The problem:
With images removed, transcribe each record exactly as it appears.

Input material:
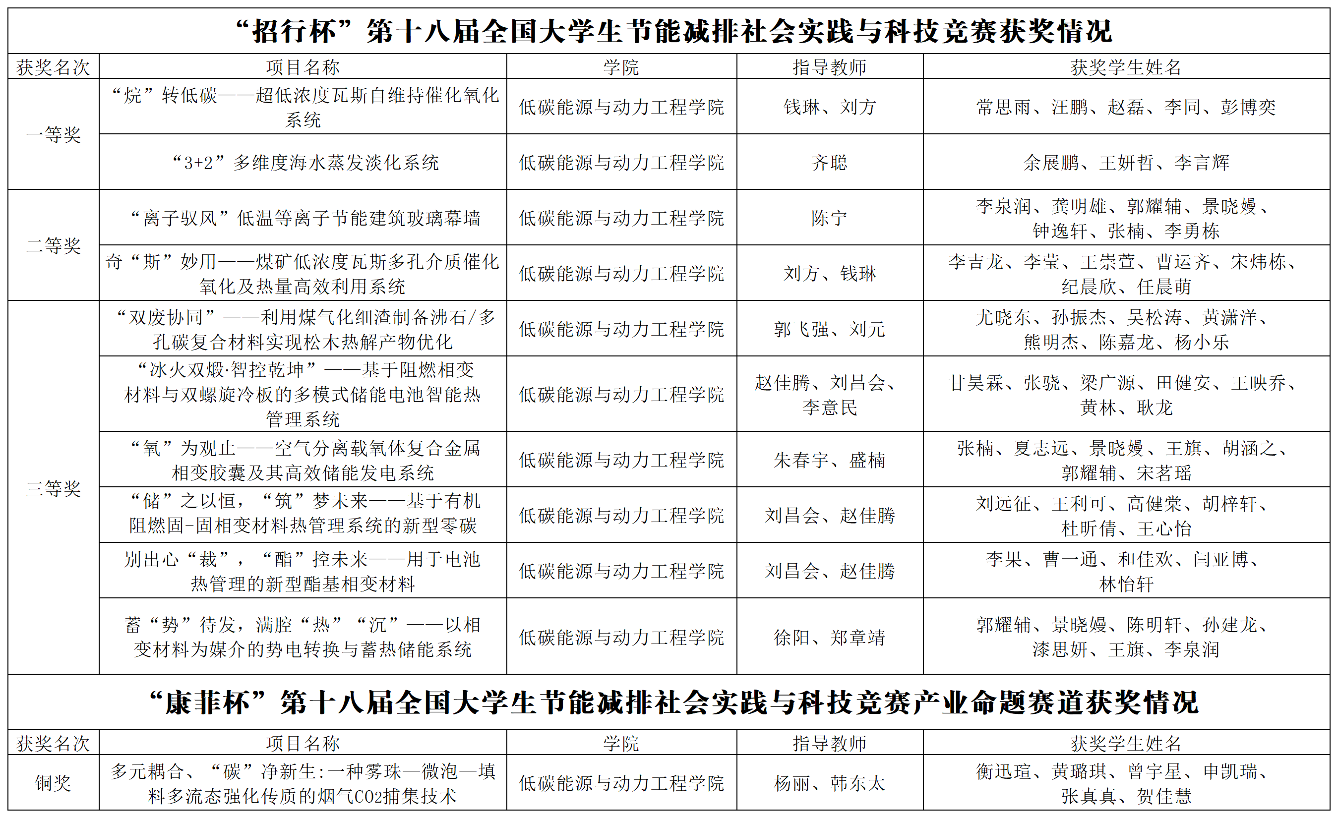 教授陈宁指导,李泉润、龚明雄、郭耀辅、景晓嫚、钟逸轩、张楠、李勇栋同学共同研究的项目“‘离子驭风’低温等离子节能建筑玻璃幕墙”项目,以及由教授刘方和讲师钱琳指导,李吉龙、李莹、王崇萱、曹运齐、纪晨欣、宋炜栋、任晨萌同学共同研究的作品“奇‘斯’妙用—煤矿低浓度瓦斯多孔介质催化氧化及热量高效利用系统”获得二等奖。“离子驭风”项目针对普通幕墙的能耗大的痛点,运用低温等离子技术、多电极轮替负载控制策略、与玻璃一体化透明镀膜电极与传统玻璃幕墙结构相融合在不影响传统玻璃幕墙美观和功能的前提下,实现高保温性能和低制造成本,为实现绿色建材产业高质量发展的新跨越贡献重要力量。“奇‘斯’妙用”项目作品通过多孔介质催化氧化+瓦斯浓度智能调控+热量高效利用,解决了我国煤矿低浓度瓦斯烧不着、波动大、用不好的难题,实现了废弃能源的回收并显著降低碳排放,助力煤矿瓦斯减排及利用,推动“双碳”目标实现。
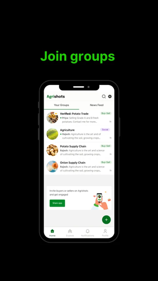Agrishots a B2B marketplace for agriculture commodities in India for buyers and sellers to connect and trade with transparency. Our platform has commodity based groups where buyers/sellers can post their supply/demand with details such as commodity, photo, quality, quantity, price, location, payment acceptance criteria and description. Buyers/sellers can rate & give review to each other to build credibility. We also have verified groups which is only for verified users. We provide end-to-end transaction support including logistics with order tracking & payments.
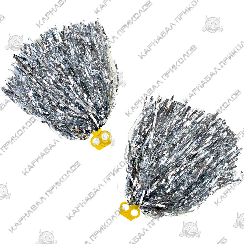 Помпони для черлідингу з кільцями для пальців уп. 2 шт (срібні) - помпоні для черлідінгу та танців Pom-Poms срібного кольору. Декоративні пухнасті кулі з зібраних у пучок вузьких смужок мішури, виготовлених з дуже тонкого і в той же час надзвичайно міцного матеріалу, що обумовлює дуже незначну вагу цього аксесуара та високу стійкість до зношування та механічних пошкоджень. Для комфортного жонглювання, брасків та лову помпонів, передбачена зручна рукоятка з двома відсіками для пальців, виготовлена з пластику, яка зручно фіксується двома пальцями в руці і не ковзає. У комплекті постачається 2 помпони. Наш магазин пропонує товари оптом та для дропшиперів, ви можете оформити замовлення на сайті Карнавал Приколів та задати будь-які запитання, що цікавити менеджер, замовивши дзвінок на нашому сайті.
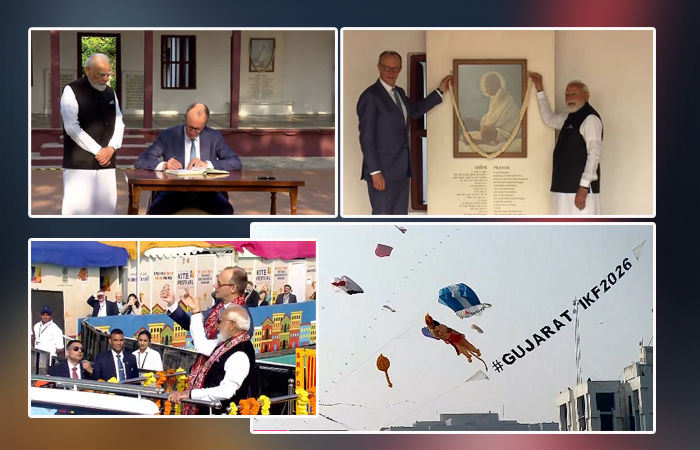 વડાપ્રધાન મોદી અને જર્મન ચાન્સેલર ફ્રેડરિક રિવરફ્રન્ટ પર પહોંચી ગયા છે. હવે અહીં ઈન્ટરનેશનલ કાઈટ ફેસ્ટિવનો પ્રારંભ કરાવવામાં આવ્યો છે. આ ઈન્ટરનેશનલ કાઈટ ફેસ્ટિવલમાં દેવિદેશથી 50 દેશના 135 પતંગબાજો ભાગ લેવાના છે. દેશના 13 રાજ્યો તથા ગુજરાતના 16 જિલ્લાના 871 પતંગરસીયાઓ પણ અહીં આવી પહોંચ્યા છે. હાલમાં પીએમ મોદી અને જર્મન ચાન્સેલર પણ અહીં હાજર છે.
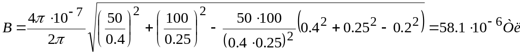 По двум бесконечно длинным прямым параллельным проводам текут токи силой 50 А и 100 А в противоположных направлениях. Расстояние между проводами 0.2 м. Определить магнитную индукцию в точке, удаленной на 0.25 м от первого и на 0.4 м от второго провода.
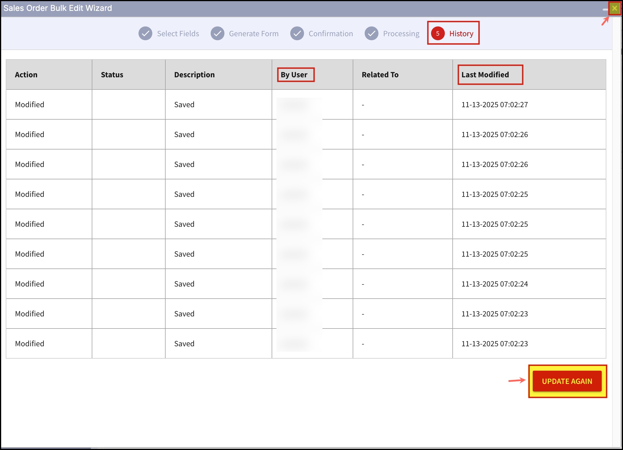- If you want to continue with the bulk edit process, click on Update Again button or simply close the window, if you are done with the changes.
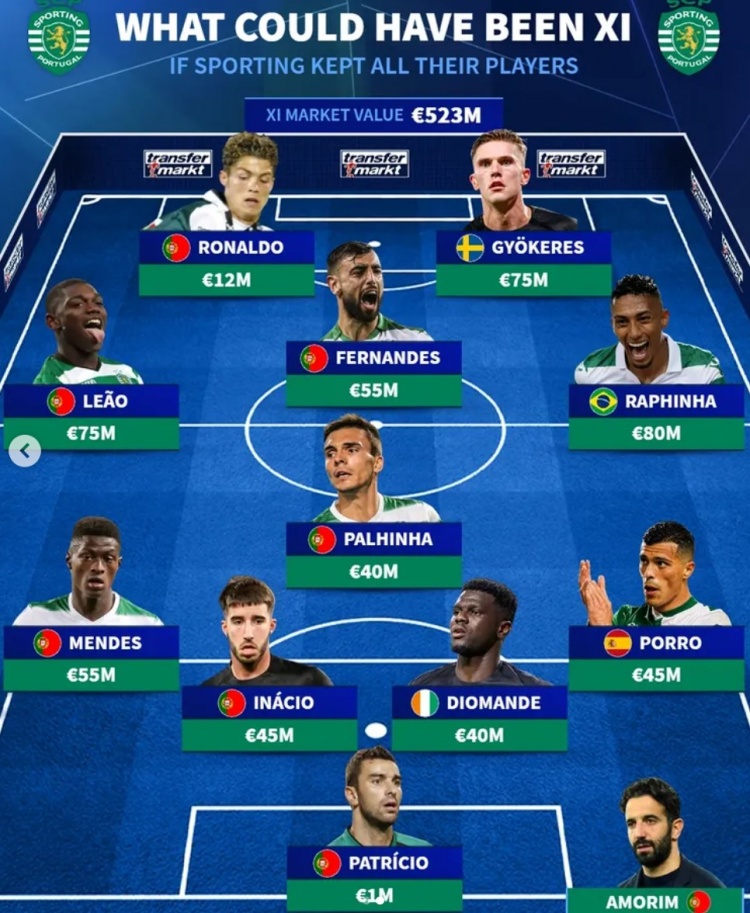 德轉(zhuǎn)列葡體履歷當(dāng)前最強(qiáng)陣:總身價(jià)5.23億歐元

Solution to the exercise:
 教授陈宁指导,李泉润、龚明雄、郭耀辅、景晓嫚、钟逸轩、张楠、李勇栋同学共同研究的项目“‘离子驭风’低温等离子节能建筑玻璃幕墙”项目,以及由教授刘方和讲师钱琳指导,李吉龙、李莹、王崇萱、曹运齐、纪晨欣、宋炜栋、任晨萌同学共同研究的作品“奇‘斯’妙用—煤矿低浓度瓦斯多孔介质催化氧化及热量高效利用系统”获得二等奖。“离子驭风”项目针对普通幕墙的能耗大的痛点,运用低温等离子技术、多电极轮替负载控制策略、与玻璃一体化透明镀膜电极与传统玻璃幕墙结构相融合在不影响传统玻璃幕墙美观和功能的前提下,实现高保温性能和低制造成本,为实现绿色建材产业高质量发展的新跨越贡献重要力量。“奇‘斯’妙用”项目作品通过多孔介质催化氧化+瓦斯浓度智能调控+热量高效利用,解决了我国煤矿低浓度瓦斯烧不着、波动大、用不好的难题,实现了废弃能源的回收并显著降低碳排放,助力煤矿瓦斯减排及利用,推动“双碳”目标实现。
Agrishots a B2B marketplace for agriculture commodities in India for buyers and sellers to connect and trade with transparency. Our platform has commodity based groups where buyers/sellers can post their supply/demand with details such as commodity, photo, quality, quantity, price, location, payment acceptance criteria and description. Buyers/sellers can rate & give review to each other to build credibility. We also have verified groups which is only for verified users. We provide end-to-end transaction support including logistics with order tracking & payments.
 Помпони для черлідингу з кільцями для пальців уп. 2 шт (срібні) - помпоні для черлідінгу та танців Pom-Poms срібного кольору. Декоративні пухнасті кулі з зібраних у пучок вузьких смужок мішури, виготовлених з дуже тонкого і в той же час надзвичайно міцного матеріалу, що обумовлює дуже незначну вагу цього аксесуара та високу стійкість до зношування та механічних пошкоджень. Для комфортного жонглювання, брасків та лову помпонів, передбачена зручна рукоятка з двома відсіками для пальців, виготовлена з пластику, яка зручно фіксується двома пальцями в руці і не ковзає. У комплекті постачається 2 помпони. Наш магазин пропонує товари оптом та для дропшиперів, ви можете оформити замовлення на сайті Карнавал Приколів та задати будь-які запитання, що цікавити менеджер, замовивши дзвінок на нашому сайті.
 વડાપ્રધાન મોદી અને જર્મન ચાન્સેલર ફ્રેડરિક રિવરફ્રન્ટ પર પહોંચી ગયા છે. હવે અહીં ઈન્ટરનેશનલ કાઈટ ફેસ્ટિવનો પ્રારંભ કરાવવામાં આવ્યો છે. આ ઈન્ટરનેશનલ કાઈટ ફેસ્ટિવલમાં દેવિદેશથી 50 દેશના 135 પતંગબાજો ભાગ લેવાના છે. દેશના 13 રાજ્યો તથા ગુજરાતના 16 જિલ્લાના 871 પતંગરસીયાઓ પણ અહીં આવી પહોંચ્યા છે. હાલમાં પીએમ મોદી અને જર્મન ચાન્સેલર પણ અહીં હાજર છે.
 По двум бесконечно длинным прямым параллельным проводам текут токи силой 50 А и 100 А в противоположных направлениях. Расстояние между проводами 0.2 м. Определить магнитную индукцию в точке, удаленной на 0.25 м от первого и на 0.4 м от второго провода.
- If you want to continue with the bulk edit process, click on Update Again button or simply close the window, if you are done with the changes.
 德轉(zhuǎn)列葡體履歷當(dāng)前最強(qiáng)陣:總身價(jià)5.23億歐元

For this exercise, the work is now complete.